[[ Provided records open ]]
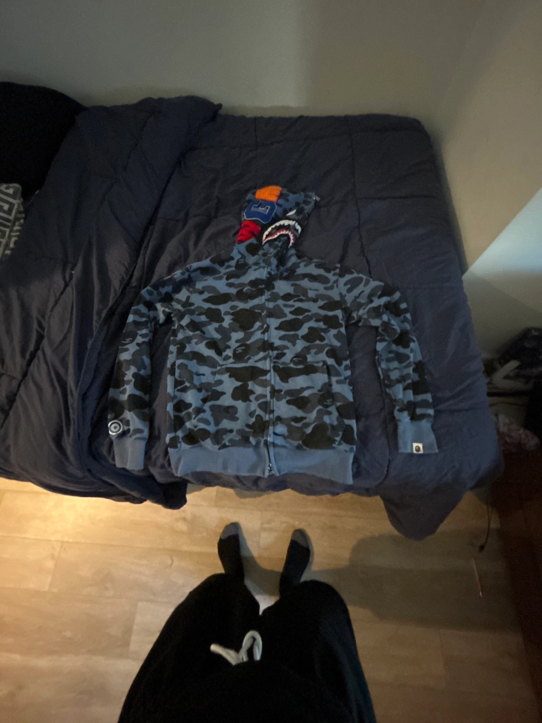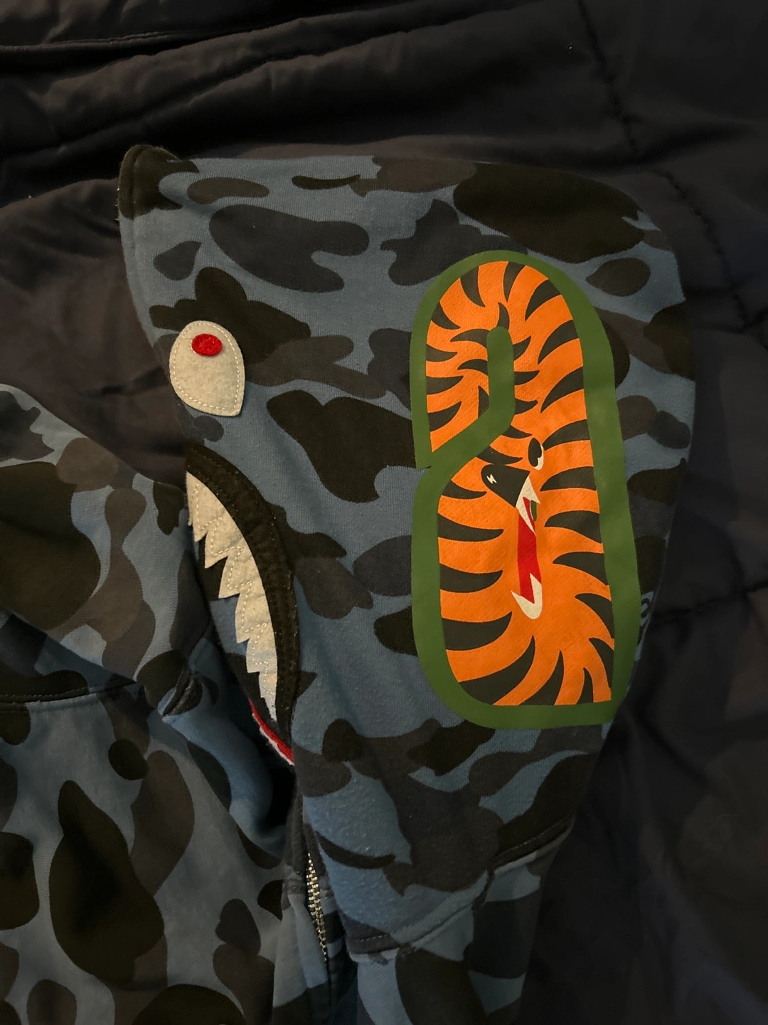 A Bathing Ape Blue Camo Shark Hoodie Size M
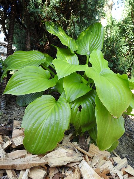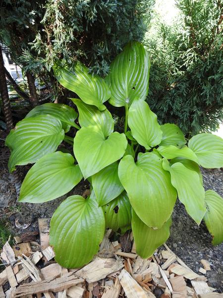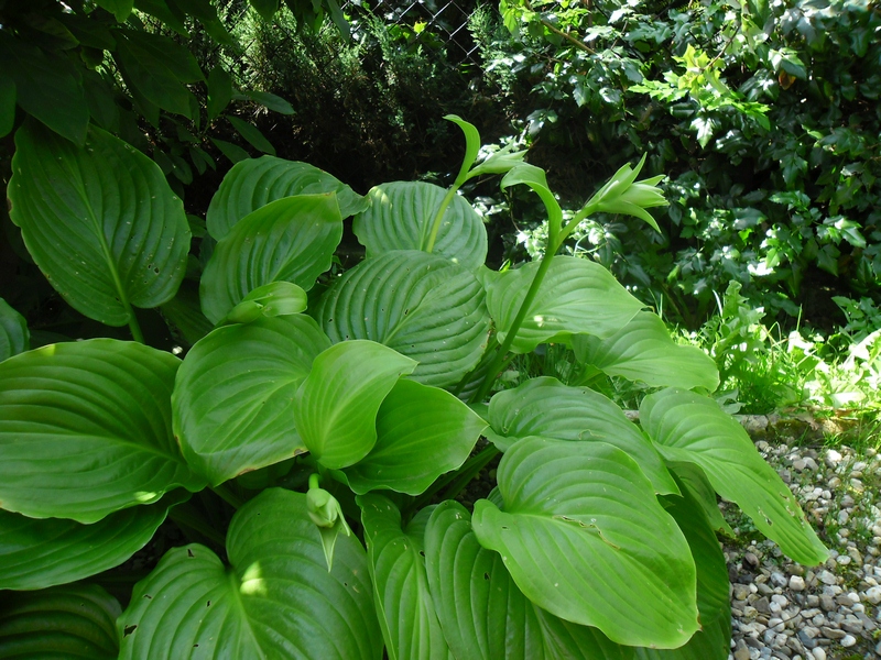 Kiedy inne hosty są w pełnym rozwoju (28 maja) Plantaginea, rosnąca w cieniu, wygląda właśnie tak. Kwitnie pod koniec września.
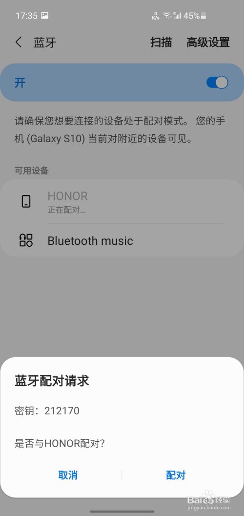 点击手机端蓝牙界面右上角的扫描功能扫描当前可毗连的设备,选择设备点击毗连即可,若是是与其他手机进行毗连,需要在两把手机进行配对操作(如图),点击配对即可
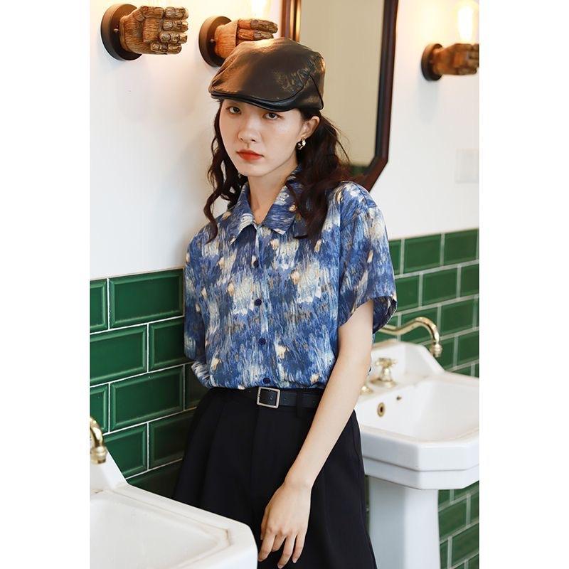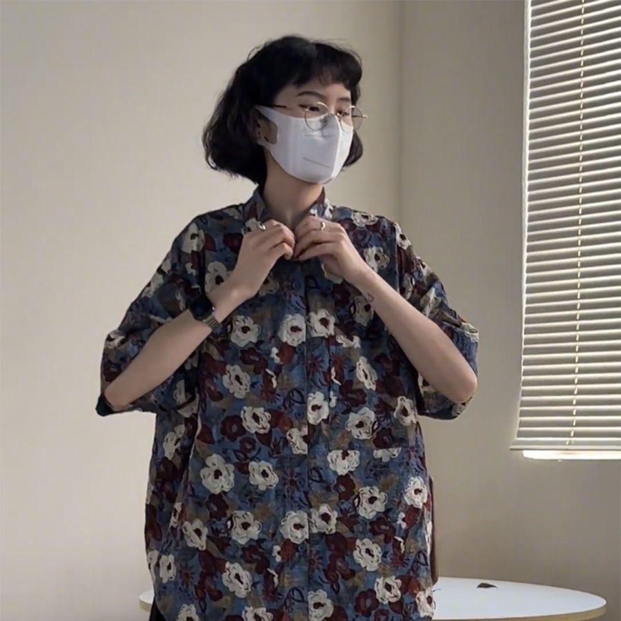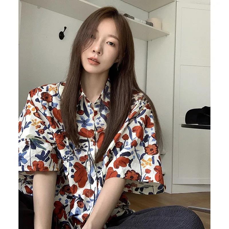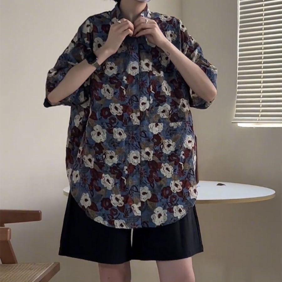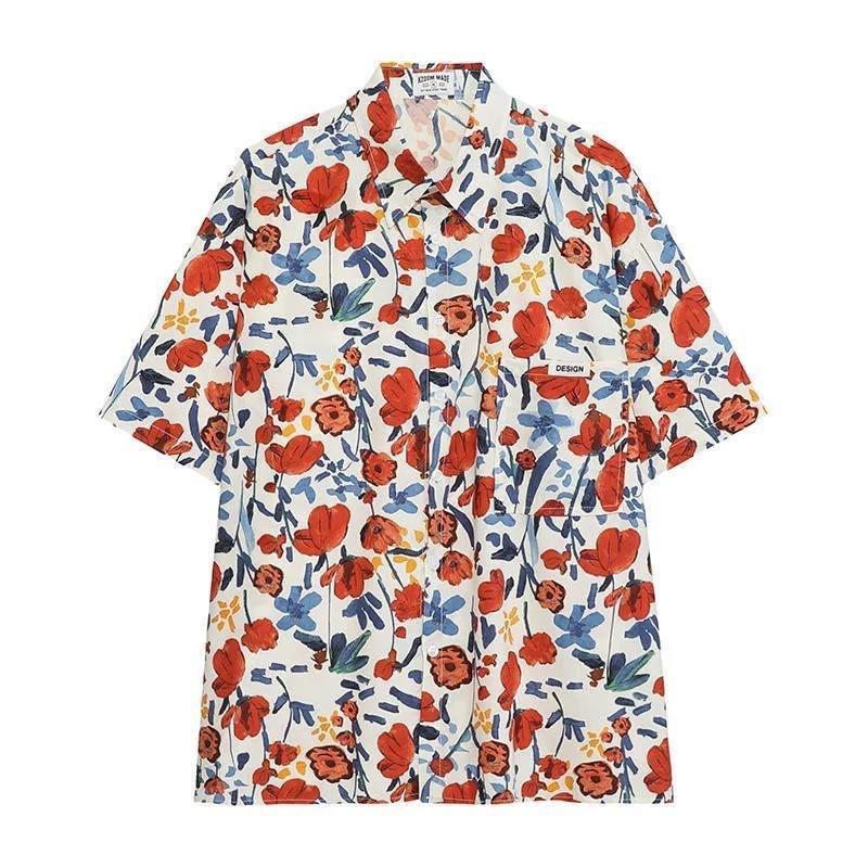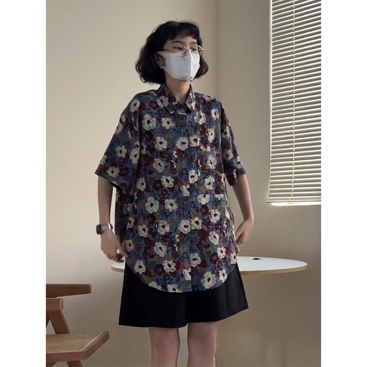 Camisa Floral Retro Personalizada de Verano a la Moda para Mujer, Diseño de Nicho, Sentido del Diseño, Holgada, Adelgazante, Estilo Hong Kong, Manga Corta
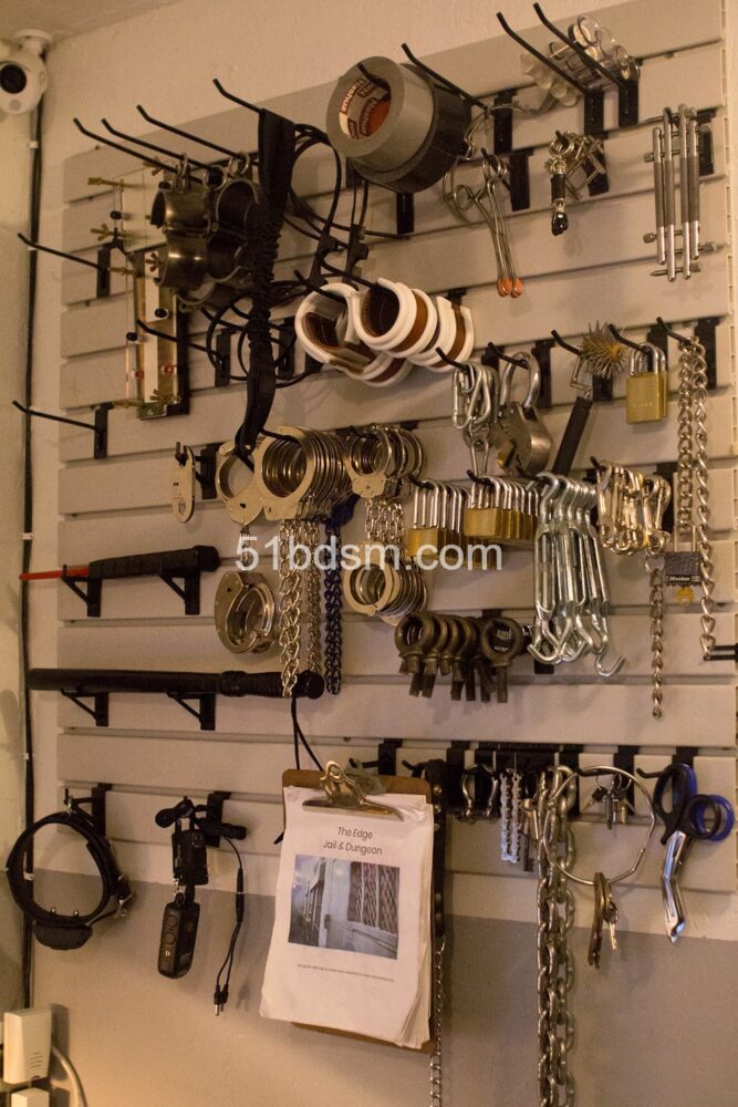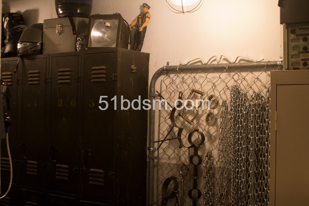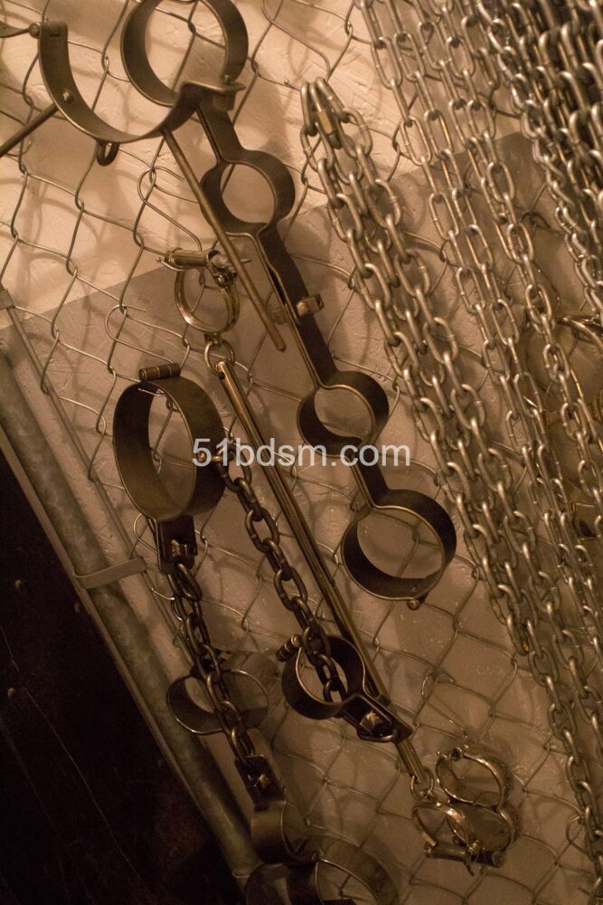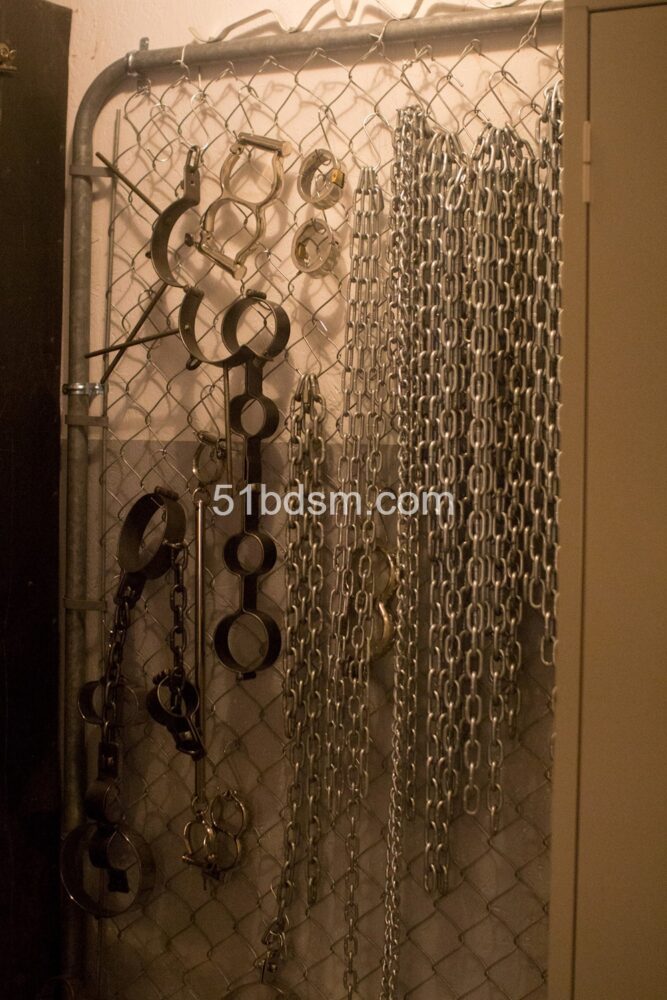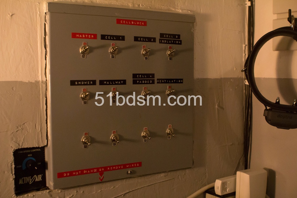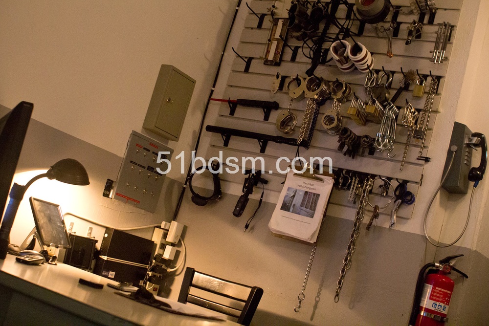 一推开门,监狱氛围立刻拉满。 门口正对着一张超级正式的狱警办公桌,上面摆着几台监控屏,这就是犯人入监处理区。 桌子后面的墙上挂满各式手铐、铁链、锁具,还有全套控制犯人的工具。 最显眼的就是一串老式大钥匙,每一把钥匙都又重又大,对应不同牢房的锁。光是看到这串叮当作响的钥匙,我就已经兴奋得不行,因为这里真的每扇门、每副镣铐都能真正锁死,这些都让我浮想联翩。 另外还有一支DSG电击项圈,随时待命。 桌上贴心地放着一块写字板,写满了灯光怎么开、换气扇怎么用、软包房注意事项等各种规则和操作说明,新手一看就会。
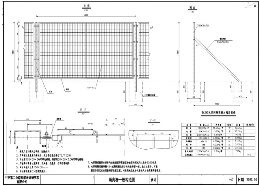 8、電焊網隔離柵每隔48m或隔離柵改變方向處設斜撐一道,施工過程中,可根據具體情況適當調整斜撐設置位置,對受限地段應加大基礎尺寸確保隔離柵穩(wěn)定。
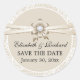 Bordure de dentelle avec mariage ruban beige Enregistrer l'autocollant Date qui comprend la bordure de dentelle écru et blanc, un ruban de satin et une fleur avec brillance métallique et diamant bijou imprimé et votre texte en noir sur couleur beige sable. Ce design modèle personnalisable est plein d'élégance et de finesse chic. Il fait partie d'un ensemble mariage parfait pour un mariage à la palette neutre.
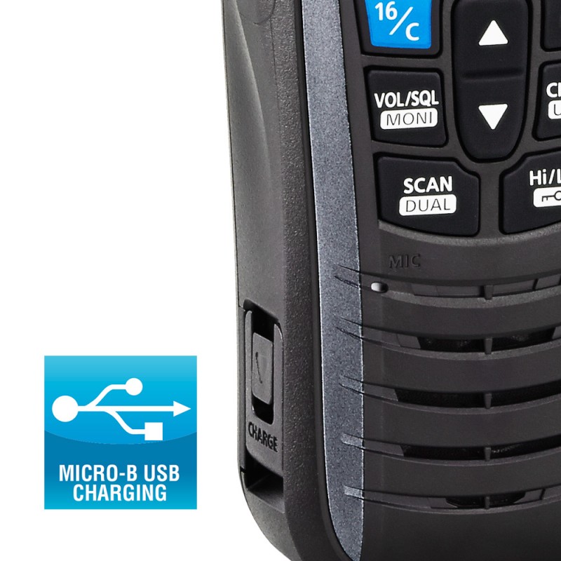 Radioen veier kun 220 gram noe som gjør den til en av markedets letteste og minste flytende VHF radio. Både knapper og display er bakgrunnsbelyst for enkelt betjening når det er mørkt.
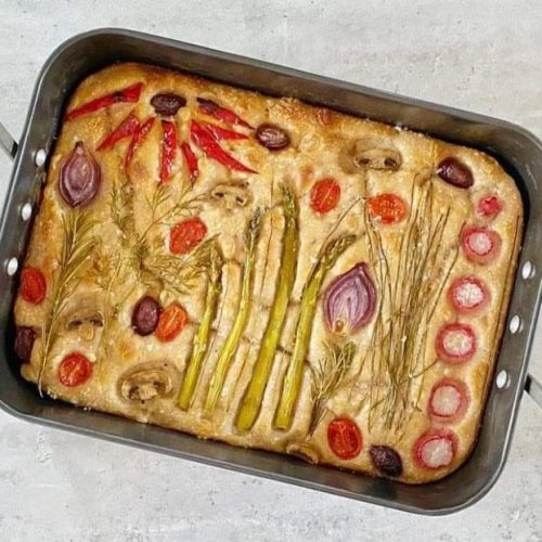- The classic focaccia is sprinkled with salt and rosemary, or you can go all out with an artistic flair and create beautiful patterns with herbs and vegetables!
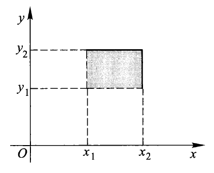 若 \(D_1\) 是 \(D\) 的一个子集,则可得到 \(P((X, Y) \in D_1) = \iint\limits_{D_1}f(x, y)\text{d}x\text{d}y\),即 \(P((X, Y) \in D_1) = \dfrac{\text{Area of}\ D_1}{\text{Area of}\ D}\)
[[ Provided records closed ]]
• [Work instruction] In the entries above, which lines run from the one with "Kiedy inne hosty" up to and including the one with "Camisa Floral Retro"? Write them out exactly, without the pictures.

• [Result for this task]
 Kiedy inne hosty są w pełnym rozwoju (28 maja) Plantaginea, rosnąca w cieniu, wygląda właśnie tak. Kwitnie pod koniec września.
 点击手机端蓝牙界面右上角的扫描功能扫描当前可毗连的设备,选择设备点击毗连即可,若是是与其他手机进行毗连,需要在两把手机进行配对操作(如图),点击配对即可
 Camisa Floral Retro Personalizada de Verano a la Moda para Mujer, Diseño de Nicho, Sentido del Diseño, Holgada, Adelgazante, Estilo Hong Kong, Manga Corta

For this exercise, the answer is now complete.